• **Activity**: Print the records below exactly, from the line containing "Kruhová houpačka NILS" down to the line containing "Ngoài ra, ghế", both lines included, and omit every picture.

• **Material for the task**:
+ + + +

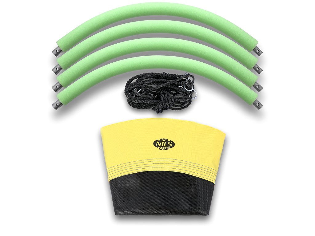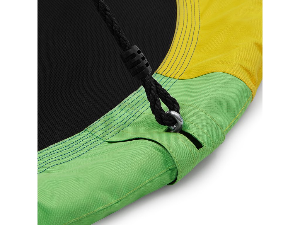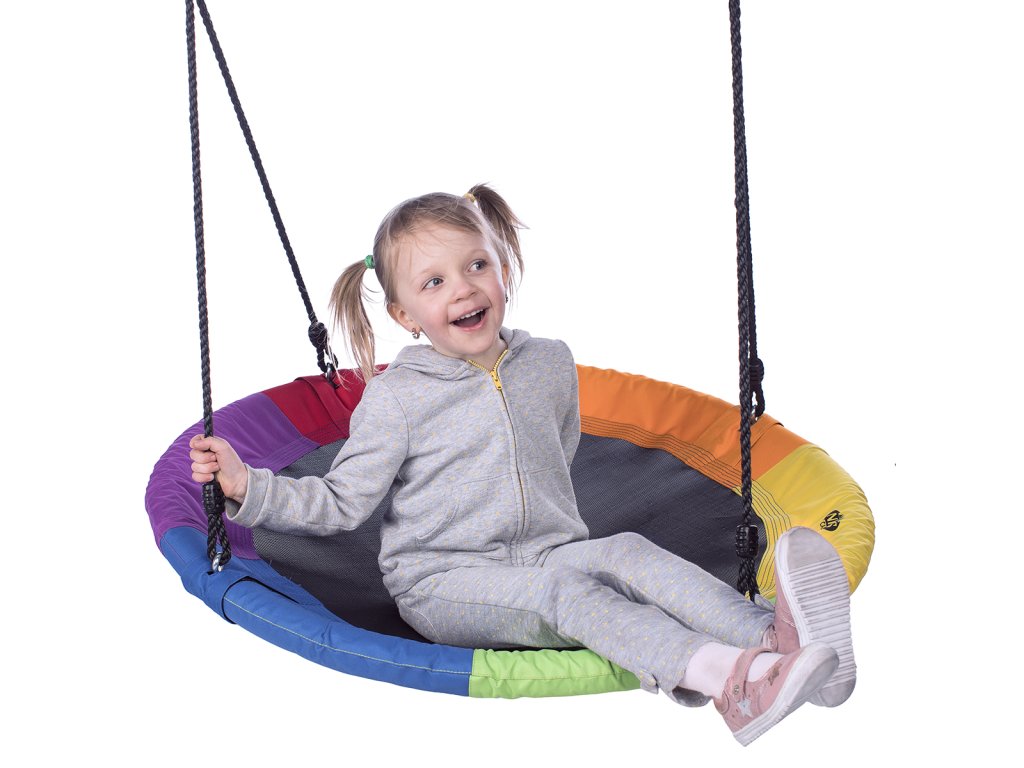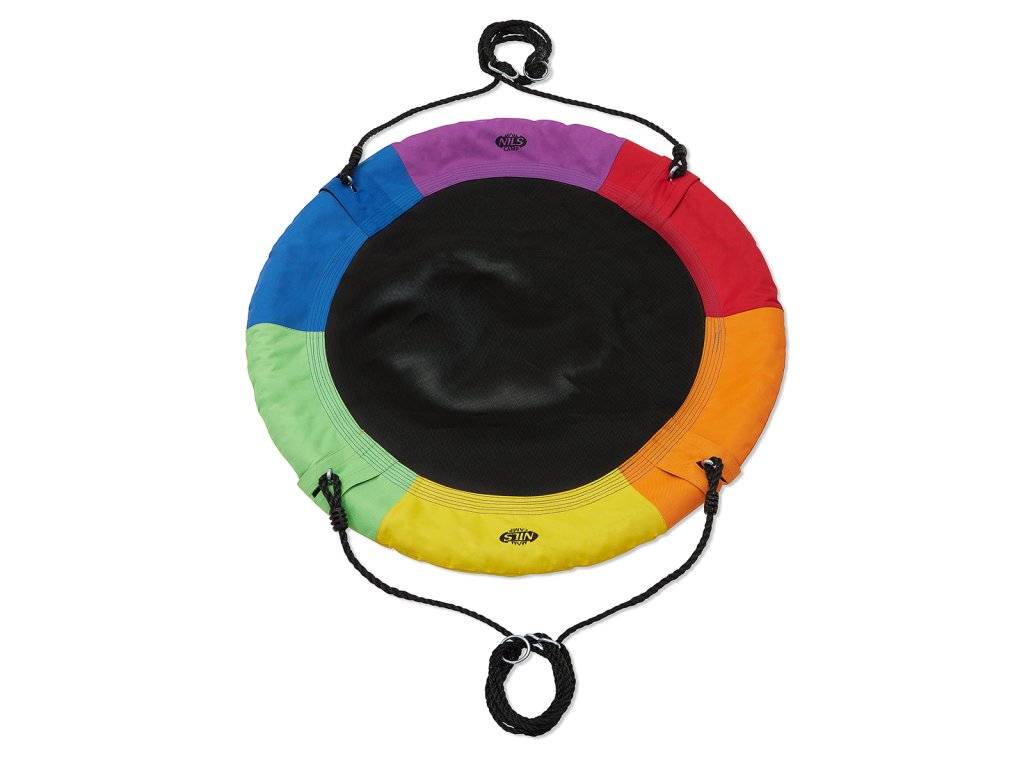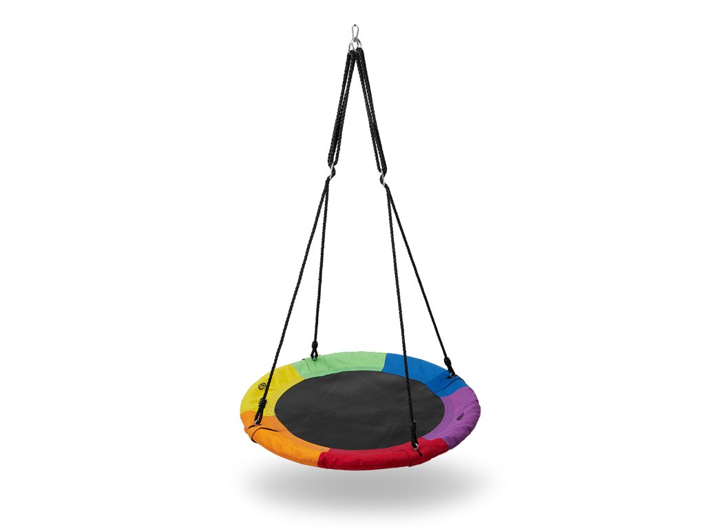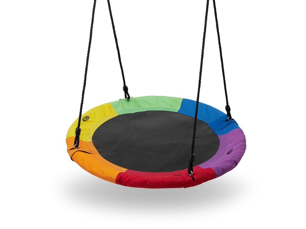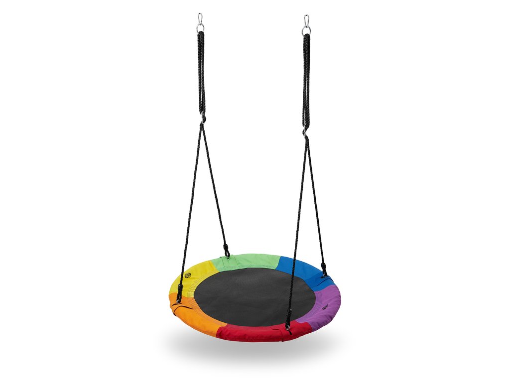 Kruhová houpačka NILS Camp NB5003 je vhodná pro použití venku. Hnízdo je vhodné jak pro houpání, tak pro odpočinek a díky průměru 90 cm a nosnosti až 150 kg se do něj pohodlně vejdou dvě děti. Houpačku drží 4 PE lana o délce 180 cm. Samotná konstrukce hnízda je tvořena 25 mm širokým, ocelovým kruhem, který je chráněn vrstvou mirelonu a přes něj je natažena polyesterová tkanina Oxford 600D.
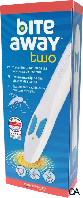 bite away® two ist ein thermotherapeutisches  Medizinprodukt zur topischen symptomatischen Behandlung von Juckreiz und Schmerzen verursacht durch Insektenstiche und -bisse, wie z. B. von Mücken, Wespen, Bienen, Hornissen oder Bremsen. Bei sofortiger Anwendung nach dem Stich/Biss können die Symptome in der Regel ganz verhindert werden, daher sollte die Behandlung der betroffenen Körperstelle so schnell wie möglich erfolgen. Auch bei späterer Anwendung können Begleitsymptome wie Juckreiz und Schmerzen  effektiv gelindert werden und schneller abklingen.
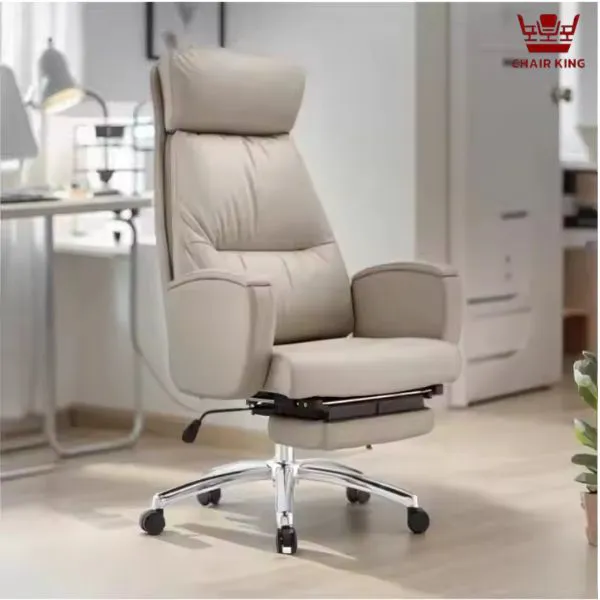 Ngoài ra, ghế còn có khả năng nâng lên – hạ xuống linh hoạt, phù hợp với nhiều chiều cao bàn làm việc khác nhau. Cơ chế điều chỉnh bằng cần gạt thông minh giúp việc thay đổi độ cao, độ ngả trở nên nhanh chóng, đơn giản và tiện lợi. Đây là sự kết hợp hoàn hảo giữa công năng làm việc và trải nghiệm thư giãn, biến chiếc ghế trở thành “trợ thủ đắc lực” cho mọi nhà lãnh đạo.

+ + + +

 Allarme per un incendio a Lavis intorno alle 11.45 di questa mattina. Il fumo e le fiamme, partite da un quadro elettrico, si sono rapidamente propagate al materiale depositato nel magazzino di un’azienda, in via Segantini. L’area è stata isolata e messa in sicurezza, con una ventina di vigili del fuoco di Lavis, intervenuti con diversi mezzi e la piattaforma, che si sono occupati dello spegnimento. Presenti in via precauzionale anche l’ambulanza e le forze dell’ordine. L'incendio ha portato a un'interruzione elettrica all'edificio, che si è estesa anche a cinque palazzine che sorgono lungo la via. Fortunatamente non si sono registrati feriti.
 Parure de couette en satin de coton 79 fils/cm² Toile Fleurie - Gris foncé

+ + + +

• **The answer**:
 Kruhová houpačka NILS Camp NB5003 je vhodná pro použití venku. Hnízdo je vhodné jak pro houpání, tak pro odpočinek a díky průměru 90 cm a nosnosti až 150 kg se do něj pohodlně vejdou dvě děti. Houpačku drží 4 PE lana o délce 180 cm. Samotná konstrukce hnízda je tvořena 25 mm širokým, ocelovým kruhem, který je chráněn vrstvou mirelonu a přes něj je natažena polyesterová tkanina Oxford 600D.
 bite away® two ist ein thermotherapeutisches  Medizinprodukt zur topischen symptomatischen Behandlung von Juckreiz und Schmerzen verursacht durch Insektenstiche und -bisse, wie z. B. von Mücken, Wespen, Bienen, Hornissen oder Bremsen. Bei sofortiger Anwendung nach dem Stich/Biss können die Symptome in der Regel ganz verhindert werden, daher sollte die Behandlung der betroffenen Körperstelle so schnell wie möglich erfolgen. Auch bei späterer Anwendung können Begleitsymptome wie Juckreiz und Schmerzen  effektiv gelindert werden und schneller abklingen.
 Ngoài ra, ghế còn có khả năng nâng lên – hạ xuống linh hoạt, phù hợp với nhiều chiều cao bàn làm việc khác nhau. Cơ chế điều chỉnh bằng cần gạt thông minh giúp việc thay đổi độ cao, độ ngả trở nên nhanh chóng, đơn giản và tiện lợi. Đây là sự kết hợp hoàn hảo giữa công năng làm việc và trải nghiệm thư giãn, biến chiếc ghế trở thành “trợ thủ đắc lực” cho mọi nhà lãnh đạo.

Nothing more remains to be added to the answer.